Like I said, use your best judgment here, but also know that you don’t deserve to have someone make you feel icky.
Ask them to stop
Don’t bother with this approach when it comes to random online trolls, but if an online friend is overstepping the line by asking you weird questions that you don’t feel comfortable with, just ask them to stop.
A real friend will respect this, but a toxic person will place blame on you and probe further.
It’s up to you what you do then.
Investigate, Catfish style
Have a sneaky suspicion the person you’re talking to isn’t who they say they are?
Do a bit of Max and Nev style investigative work.
Search for their images on Google. Search for their phone number. See how many friends they have on social media and whether those accounts are real too.
Not all catfishes are a threat but it definitely helps to be wary if things don’t add up.
Spend time in less toxic environments
Not everywhere is negative in an online world.
If you’re frequenting communities or channels that make you feel bad, maybe have a think about finding somewhere more satisfying to hang out.

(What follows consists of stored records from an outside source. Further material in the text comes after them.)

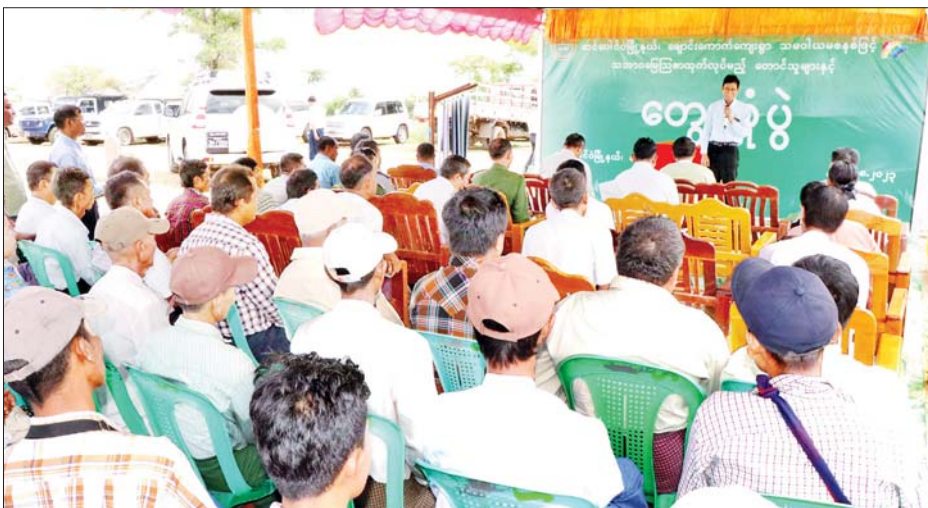
ဆင်ပေါင်ဝဲမြို့နယ် ချောင်းကောက်ကျေးရွာ၌ အောင်ကောင်းမြတ် လယ်ယာကုန်ထုတ်နှင့် အထွေထွေစီးပွားရေးလုပ်ငန်း သမဝါယမအသင်းမှ အမှုဆောင်များ၊ အသင်းသူ အသင်းသားများနှင့်တွေ့ဆုံ၍ နိုင်ငံစီးပွားမြှင့်တင်ရေး ရန်ပုံငွေဖြင့် ဆောင်ရွက်နေသော စီမံကိန်းလုပ်ငန်းဆိုင်ရာများ၊ စိုက်ပျိုးမွေးမြူရေး သမဝါယမအသင်းများ ဖွဲ့စည်းဆောင်ရွက်နေမှုနှင့် သမဝါယမနှင့် ကျေးလက်ဖွံ့ဖြိုးရေး ဝန်ကြီးဌာနက ဆောင်ရွက်လျက်ရှိသော ကျေးလက်ဒေသ ဖွံ့ဖြိုးတိုးတက်ရေး လုပ်ငန်းဆိုင်ရာများကို

နေပြည်တော် ဩဂုတ် ၃၁ သမဝါယမနှင့် ကျေးလက်ဖွံ့ဖြိုးရေးဝန်ကြီးဌာန သမဝါယမဦးစီးဌာန သမဝါယမစာရင်းရေး၊ စာရင်းကိုင် သက်မွေးပညာ သင်တန်းကျောင်း အာရ်စီနစ်ထပ်စာသင်ဆောင် ပန္နက်တင်အခမ်းအနားကို ယမန်နေ့ နံနက်ပိုင်းတွင် မကွေးမြို့ရှိ အဆိုပါ သက်မွေးပညာသင်တန်းကျောင်း၌ ကျင်းပရာ မကွေးတိုင်းဒေသကြီး ဝန်ကြီးချုပ် ဦးတင်လွင်၊ သမဝါယမနှင့် ကျေးလက်ဖွံ့ဖြိုးရေးဝန်ကြီးဌာန ဒုတိယဝန်ကြီး ဦးမြင့်စိုးနှင့် တိုင်းဒေသကြီး အစိုးရအဖွဲ့ဝင် ဝန်ကြီးများ တက်ရောက်၍ ပန္နက်ရိုက်ပေးကြသည်။ ထို့နောက် ဒုတိယဝန်ကြီးသည် တာဝန်ရှိသူများနှင့်အတူ
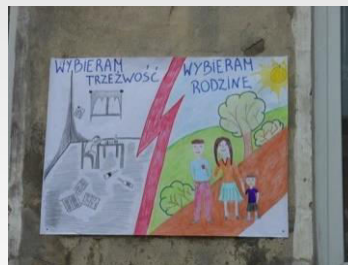
Działania profilaktyczne 2013
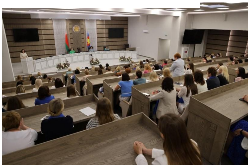
Председатель Совета Республики Наталья Кочанова проводит встречу с женским активом Брестской области
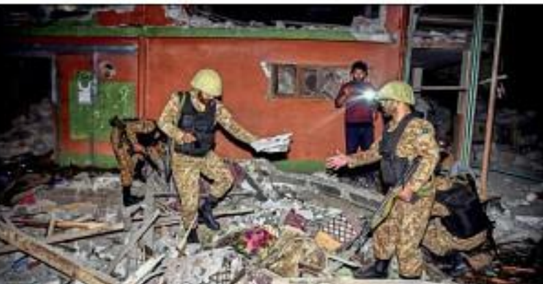
भारतीय सेना ने पाकिस्तान में आतंक के ठिकाने किए नष्ट

एक भारत-श्रेष्ठ भारत की गर्जना को ऑपरेशन सिंदूर के जरिए पूरी दुनिया ने सुन लिया। पाकिस्तान स्थित नौ आतंकी ठिकानों को भारत की स्वदेशी मिसाइलों ने निशाना बनाया तो पाकिस्तान कार्रवाई से रोकने के लिए गिड़गिड़ाने लगा। प्रधानमंत्री नरेंद्र मोदी के नेतृत्व एवं भारतीय सेना के पराक्रम की जगलबंदी से दुनिया के नज़े-नज़े देश हैरान रह गए। आतंक के खिलाफ सटीक कार्रवाई ने बदले हुए अजानत, समर्थ तथा स्वदेशी तर्कनैक से लड़ने वाले भारत का चेहरा दुनिया के सामने प्रकट किया।
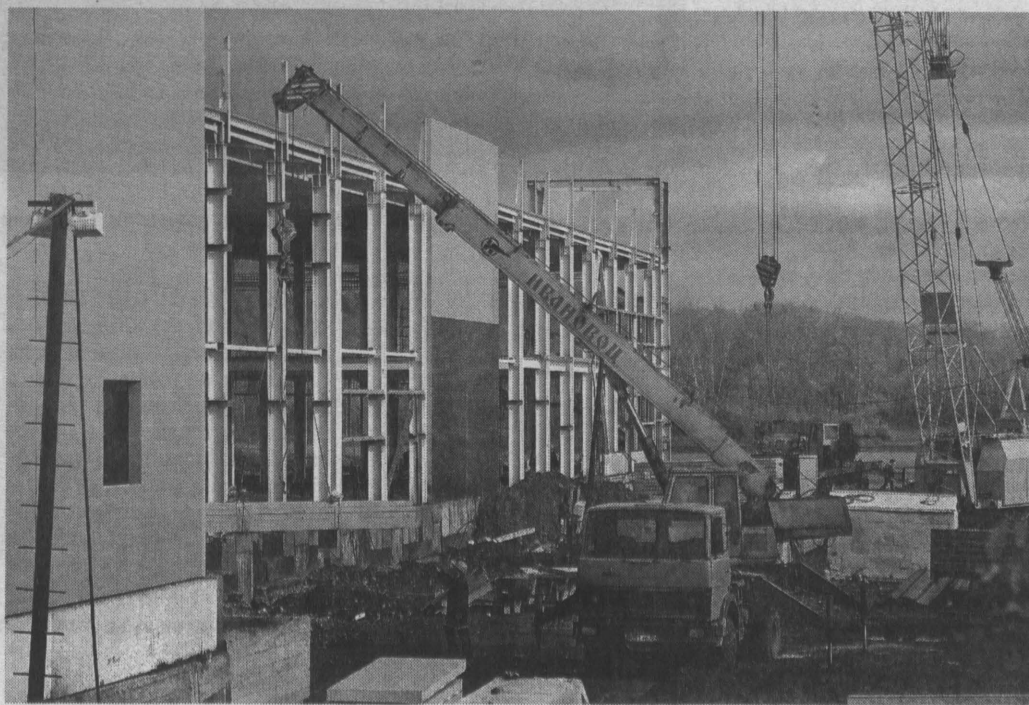
Когда в Новокузнецке на левом берегу Томи будет достроена еще одна «Лента», много работников потребуется и туда.

Стоит отметить, что и показатели сокращения штатов у нас впечатляют. С января по сентябрь текущего года потеряли работу около 14 тысяч кузбассовцев. А в настоящий момент готовятся покинуть свои рабочие места к концу года еще 4981 человек. Из сельских районов в лидерах по числу высвобождаемых будут Гурьевский и Промышленновский, а из городов — Киселевск, Новокузнецк, Прокопьевск. Есть у нас и территории, где сохраняется режим неполной занятости. В Анжеро-Судженске, например, в таком режиме трудятся 193 человека, в Кемерово — 452, в Новокузнецке — 272. В такой ситуации значимость создания новых рабочих мест особенно очевидна. Но кого ждут в новых пехах и на участках? Ведь и сам работник тоже должен быть на уровне современных требований. Скажем, целая революция сейчас происходит в строительной отрасли. А готовы ли к ней претенденты на вакансии? В нынешнем году в компании ООО «Кемеровский ДСК», например, произошло замечательное событие — запуск цеха крупнопанельного домостроения. Здесь применяются новейшие технологии немецкой фирмы с мировым именем. Для работы цеха уже в начале года было создано дополнительно 139 рабочих мест, в том числе 90 высокопроизводительных. А сейчас, как поведа-
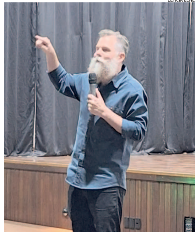
Palestrante abordou temas relevantes para a criação saudável dos filhos
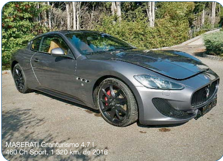
MASERATI Granturismo 4.7 I 460 Ch Sport, 1 320 km, de 2016
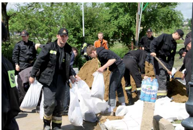
Kto żyw pomagał przygotowywać worki z piaskiem
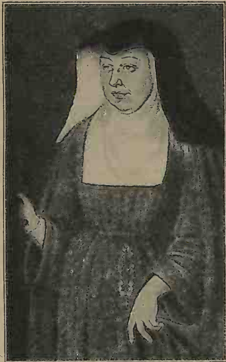
CATHERINE DE MÉDICIS A SOIXANTE ET UN ANS, EN HABIT DES SŒURS DE SAINTE-CLAIRE

Son mal s'aggrave; les médecins sont impuissants, elle

Or, you could go cold turkey and use an app like StayFocusd to limit the time you’re spending in places that make you feel bad about yourself.
You are in charge of your own life. Depending on how you feel about confrontation, telling the person in question bluntly how you feel might be easy, or it might feel impossible; do what feels right for you. And of course, if you ever feel in danger or like you’re being harassed, please seek help.